◆ Aim of the task: The reply should consist solely of the lines from the one with "Interpreting Ballot Markings Interpreting" through the final line of the listing, copied exactly, with no pictures.

◆ Data below:

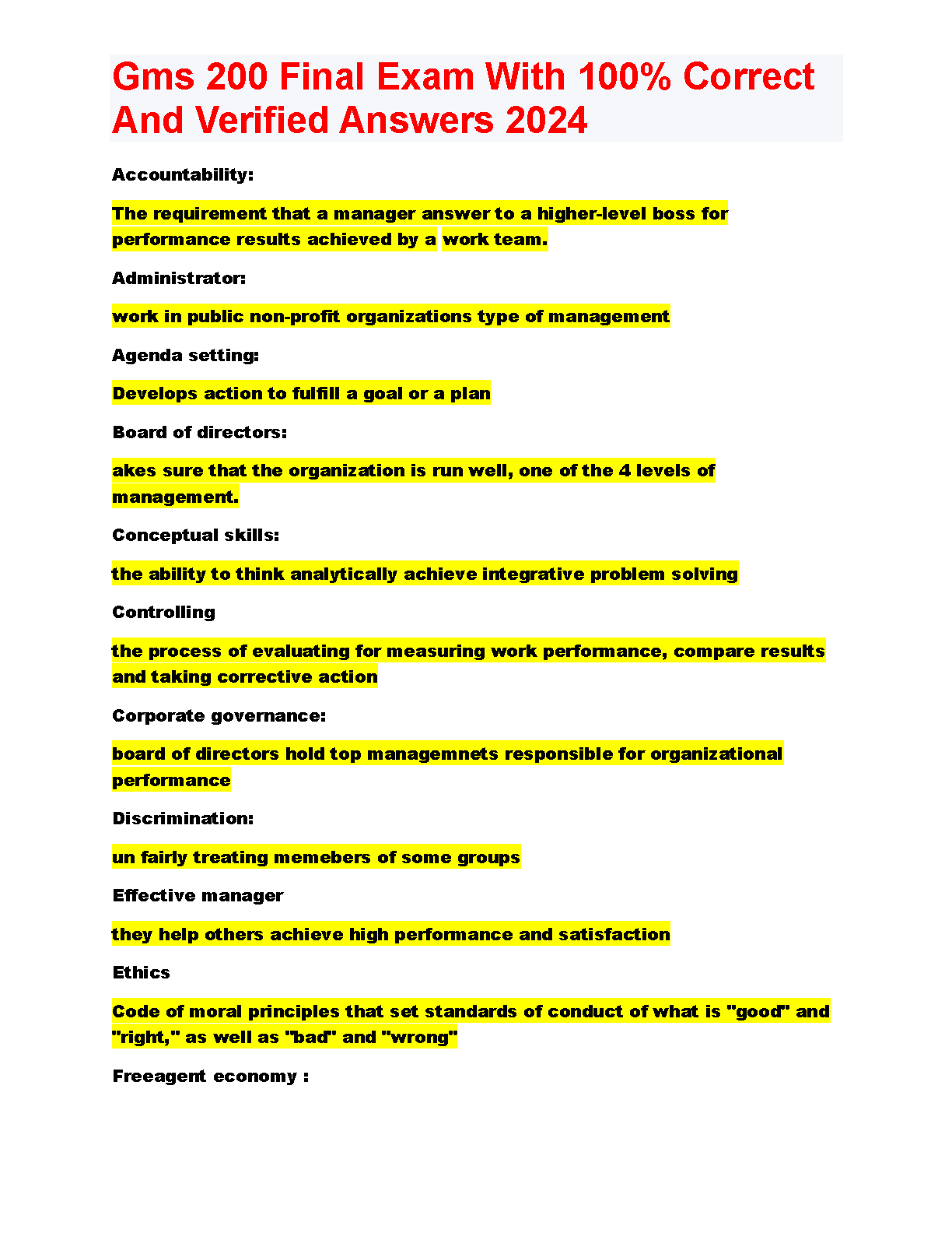 Ace your GMS 200 final exam with this comprehensive guide featuring 100% correct answers and verified solutions for the 2024 academic year. This resource is designed to help students pass their exams on the first attempt, avoiding costly resits. Prepare effectively and confidently.
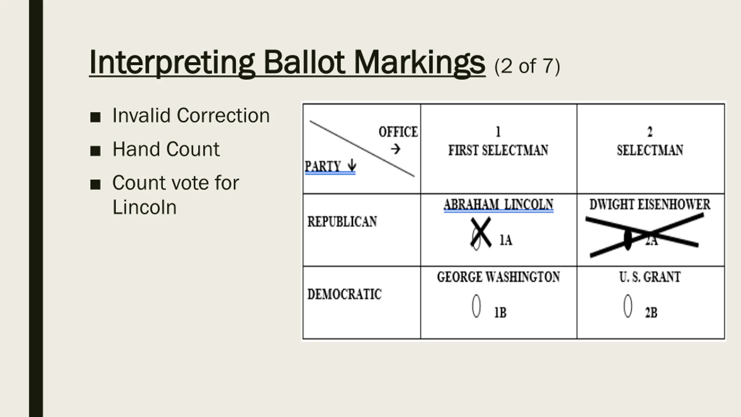 Interpreting Ballot Markings Interpreting Ballot Markings (2 of 7) Invalid Correction Hand Count Count vote for Lincoln
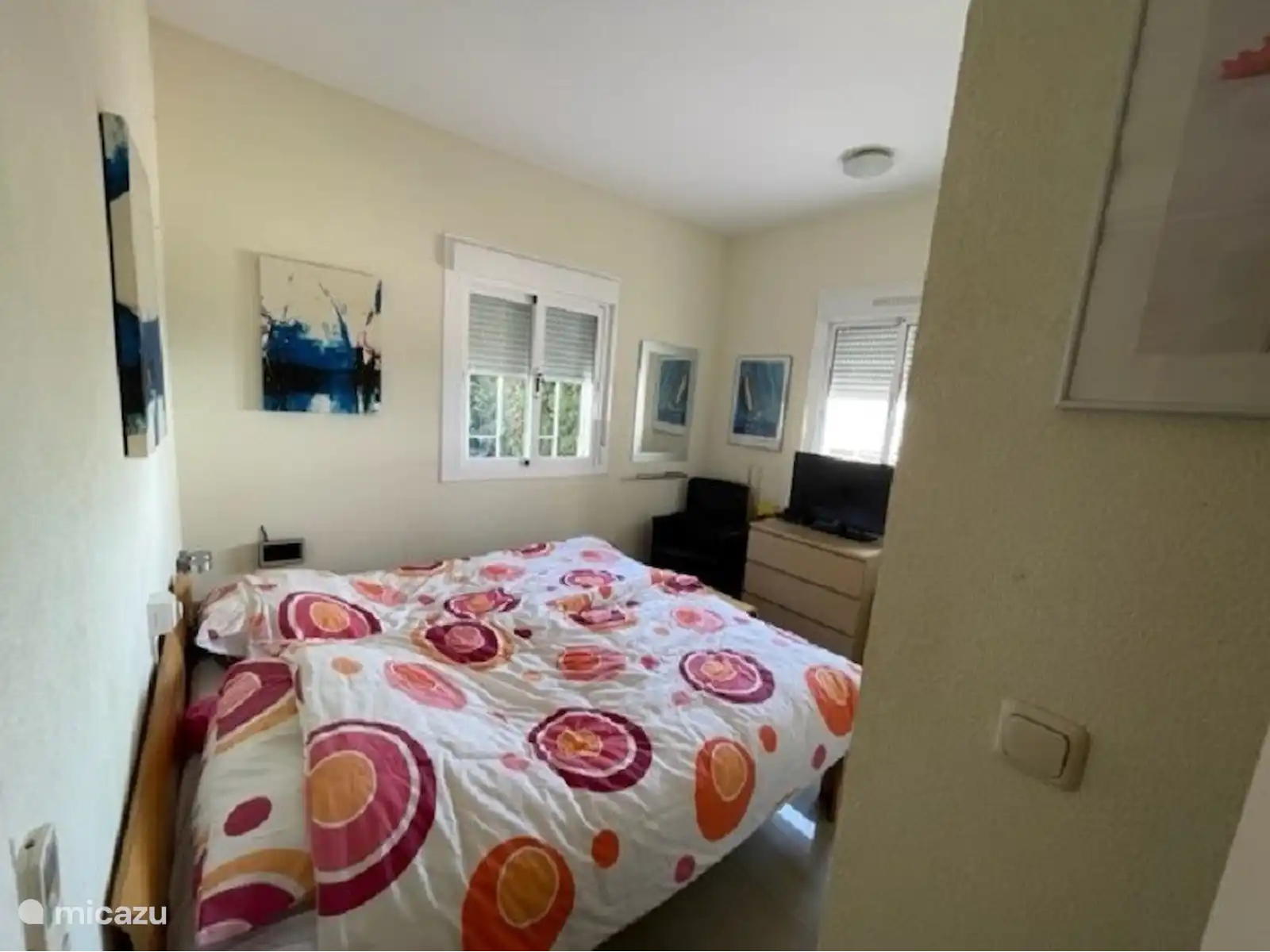 Une fois dans l'allée et devant la porte d'entrée, vous entrez dans le couloir avec 1 à droite et 2 chambres à gauche et une salle de bains. Si vous passez devant la cuisine, vous entrez immédiatement dans le salon où se trouve la porte coulissante donnant sur les 2 terrasses. À gauche se trouve la piscine et les escaliers menant à un jardin en contrebas, à droite de la terrasse se trouve le barbecue. Bref, du calme, de l'espace, du confort et de belles vues !

◆ Final answer:
 Interpreting Ballot Markings Interpreting Ballot Markings (2 of 7) Invalid Correction Hand Count Count vote for Lincoln
 Une fois dans l'allée et devant la porte d'entrée, vous entrez dans le couloir avec 1 à droite et 2 chambres à gauche et une salle de bains. Si vous passez devant la cuisine, vous entrez immédiatement dans le salon où se trouve la porte coulissante donnant sur les 2 terrasses. À gauche se trouve la piscine et les escaliers menant à un jardin en contrebas, à droite de la terrasse se trouve le barbecue. Bref, du calme, de l'espace, du confort et de belles vues !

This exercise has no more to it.